请注意，根据此算法，对于字符串 "ATGCTGACCTGATAG"，ATGCTGACCTGATAG 可能是基因，但 ATGCTGACCTGA 不会是基因，即使它更短，因为找到了 'TGA' 的另一个实例首先，距离起始密码子不是三的倍数。

在我的作业中，我也被要求生成这些方法：

具体来说，要实现该算法，您应该执行以下操作。

Write the method findStopIndex that has two parameters dna and index, where dna is a String of DNA and index is a position in the string. This method finds the first occurrence of each stop codon to the right of index. From those stop codons that are a multiple of three from index, it returns the smallest index position. It should return -1 if no stop codon was found and there is no such position. This method was discussed in one of the videos.
Write the void method printAll that has one parameter dna, a String of DNA. This method should print all the genes it finds in DNA. This method should repeatedly look for a gene, and if it finds one, print it and then look for another gene. This method should call findStopIndex. This method was also discussed in one of the videos.
Write the void method testFinder that will use the two small DNA example strings shown below. For each string, it should print the string, and then print the genes found in the string. Here is sample output that includes the two DNA strings:

示例输出为：

ATGAAATGAAAA

找到的基因是：

ATGAAATGA

DNA 串是：

ccatgccctaataaatgtctgtaatgtaga

找到的基因是：

atgccctaa

atgtctgtaatgtag

DNA 串是：

CATGTAATAGATGAATGACTGATAGATATGCTTGTATGCTATGAAAATGTGAAATGACCCA

找到的基因是：

ATGTAA

ATGAATGACTGATAG

ATGCTATGA

ATGTGA

我仔细考虑了一下，发现这段代码接近工作状态。我只需要让我的输出产生说明中要求的结果。希望这不会太混乱，我只是不知道如何在起始密码子之后寻找终止密码子，然后如何获取基因序列。我也希望通过找到三个标签（tag，tga，taa）中哪个更接近atg来了解如何获得最接近的基因序列。

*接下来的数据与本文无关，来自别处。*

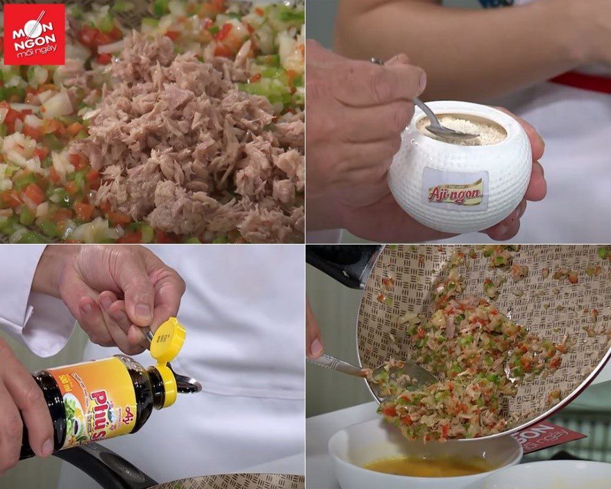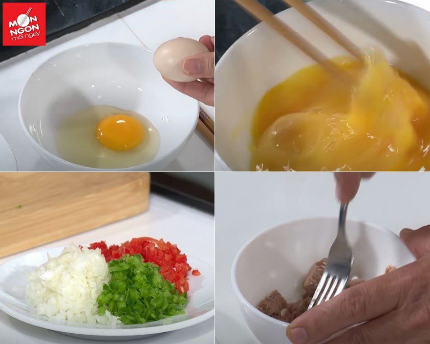 • Trứng gà: đập ra 2 tô riêng, mỗi tô 4 quả, đánh tan. Cá ngừ bỏ dầu, tán nhuyễn. Hành tây, ớt chuông xanh đỏ cắt hạt lựu nhuyễn.

我知道这很多，但希望这一切都有意义。

import edu.duke.*;
import java.io.*;

public class FindMultiGenes {
    public String findGenes(String dnaOri) {
        String gene = new String();
        String dna = dnaOri.toLowerCase();
        int start = -1;
        while(true){
            start = dna.indexOf("atg", start);
            if (start == -1) {
                break;
            }
            int stop = findStopCodon(dna, start); 
            if(stop > start){
                String currGene = dnaOri.substring(start, stop+3);

                System.out.println("From: " + start + " to " + stop + "Gene: "    
                +currGene);}
        }
        return gene;
    } 

    private int findStopCodon(String dna, int start){   
        for(int i = start + 3; i<dna.length()-3; i += 3){
            String currFrameString = dna.substring(i, i+3);

            if(currFrameString.equals("TAG")){
                return i;

            } else if( currFrameString.equals("TGA")){
                return i;

            } else if( currFrameString.equals("TAA")){
                return i;

            }
        }   
        return -1;
    }

    public void testing(){


        FindMultiGenes FMG = new FindMultiGenes();

        String dna =     
        "CATGTAATAGATGAATGACTGATAGATATGCTTGTATGCTATGAAAATGTGAAATGACCCA";

        FMG.findGenes(dna);




        System.out.println("DNA string is: " + dna);

    } 
}

Answer 1

将您的线路 start = dna.indexOf("atg", start); 更改为

start = dna.indexOf("atg", start + 1);

当前发生的事情是您在索引 k 处找到 "atg" 并在下一个运行中搜索 [=13= 中的下一个 "atg" 的字符串] 向前。由于开始位置包含在内，因此会在完全相同的位置找到下一个匹配项。因此，您将一遍又一遍地找到相同的索引 k，并且永远不会停止。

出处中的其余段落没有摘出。